Sound art as an installation practice and the treatment of sound as a fine art material was arguably first defined by the artist Max Neuhaus in the 1970s [
4]. It gained legitimacy and relevance through a number of high-profile exhibitions, including
Sound Art at the Museum of Modern Art in New York (MoMA, 1979) through to
Sonic Boom: The Art of Sound at the Hayward Gallery at the Southbank Centre in London (Hayward Gallery, 2000) and the number of artist practitioners and institutional exhibitions continues to grow [
5]. It is not our intention to provide a survey of the audio arts in this paper but rather to point to the evolution of sonic practice-based investigation as inextricably linked with the acceleration of audio technologies. This study and the sound art on which it is based would not have been possible without the retail implementation of Dolby Atmos, which drove commercial studios to invest in the technology, making it more readily available to professionals worldwide. The acceleration and accessibility of this technology is a defining factor in our case study as it provides the means and resources on which further research into affect and object-based spatial audio might be based.
For the present practice-based case study, we discuss how 3D immersive audio produces a shift from an internalised inner voice to unsymbolised affect-driven ways of thinking and heightened sensory awareness. This will be achieved by analysing subjective experiences with a 2D text-based audio installation that was reconfigured and transformed into 3D spatial audio by means of a Dolby Atmos-specified studio.

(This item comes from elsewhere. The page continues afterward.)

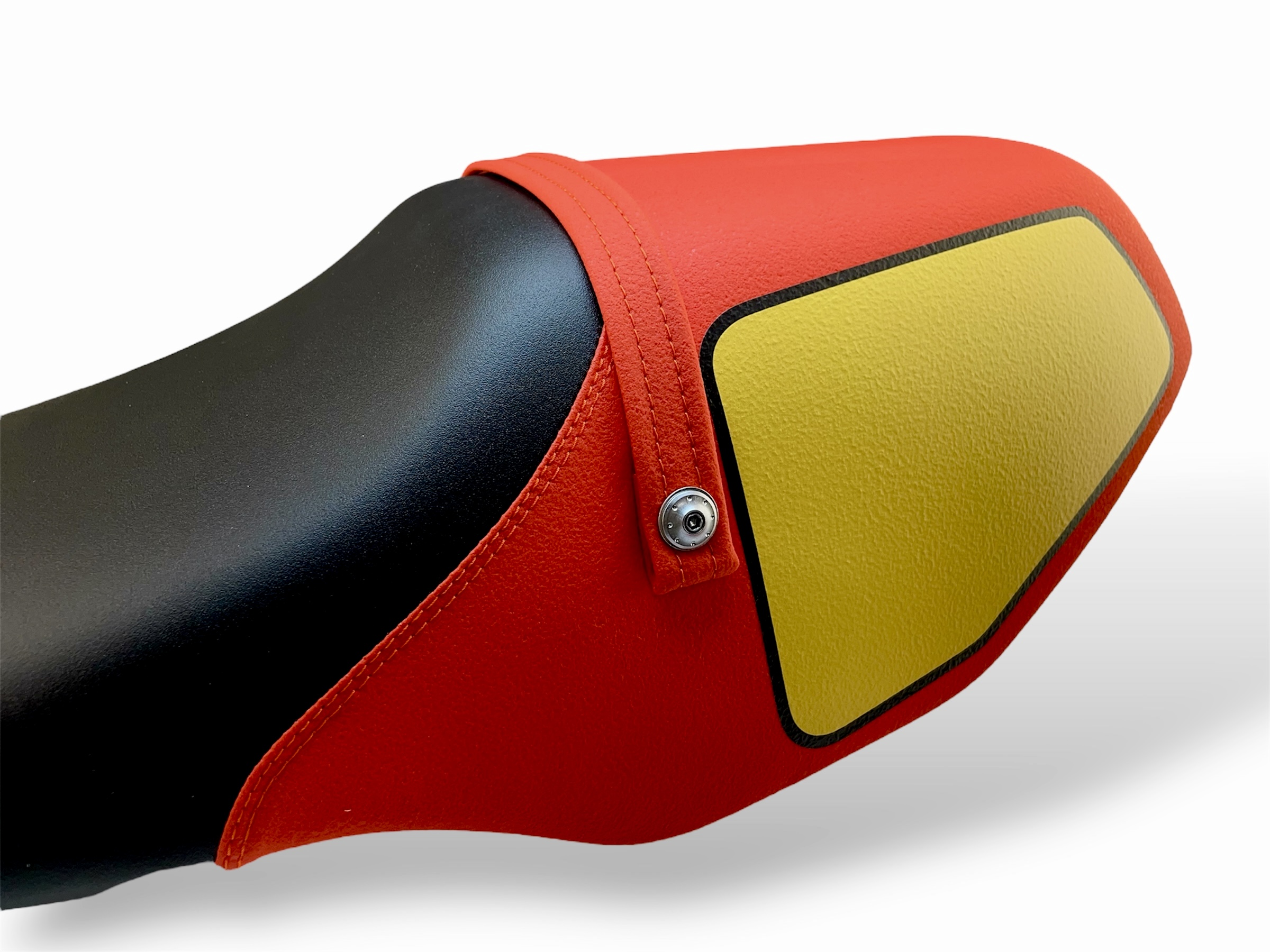イタリアンハンドメイドのシートカバーは、加速時やブレーキング時のライダーのホールド性を高め、あらゆるライディングコンディションでの自由度と安全性を提供します。ハンマートーンの槌目仕上げを施したテクニカルレザー(人工皮革)を使用しグッツイにさらなる上質さを与えます。

As differentiated from channel-based immersive formats such as binaural and ambisonic, Dolby Atmos is an object-based audio format that is both scalable and flexible, which serves to provide ‘a higher spatial resolution and artistic intent all the way to the playback endpoint’ ([
6], p. 244). Originally released in 2012, it has only recently been incorporated into more popular formats by multinationals such as Apple, who introduced the Dolby Atmos format to Apple Music in 2021. In this study, affect is investigated through the use of Descriptive Experience Sampling (DES) to determine whether there is a material alteration in the psychoacoustic perception of the work.
2. Materials and Methods
This article is a practice-based case study incorporating research and as such we are defining it under the conventions of arts practice-based research (PBR) case studies [
7,
8]. The research is based on embodied experience within a highly specialised configuration of materials and equipment uniquely designed for this investigation and concrete artistic material was employed. We are investigating phenomena ‘with a focus on the inner experience and discovery of the researcher’ ([
7], p. 113). The intent has been to design a profound experience for an audience of one [
9] which could then be extrapolated to a larger group or a wider audience. The process will be described in detail to provide an understanding of how the whole procedure worked. Additionally, we have uploaded all audio-visual material to the OSF platform, see
Supplementary Materials (
https://osf.io/9ugjq/ (accessed on 11 October 2023)).
2.1. Material and Stimuli
This inquiry focuses on an analysis of the creative work ‘Notes to an Unknown Lover’ [
10] a thirty-channel audio installation based on the artist’s semi-autobiographical book of poems of the same name, conceived as a reply and homage to Pablo Neruda’s ‘Twenty Love Poems and a Song of Despair’. The artist combines a background as a commercial music record producer with a later career as an installation artist focusing on the moving image and sound design alongside pursuits as an academic research artist with a practice incorporating neuroaesthetics.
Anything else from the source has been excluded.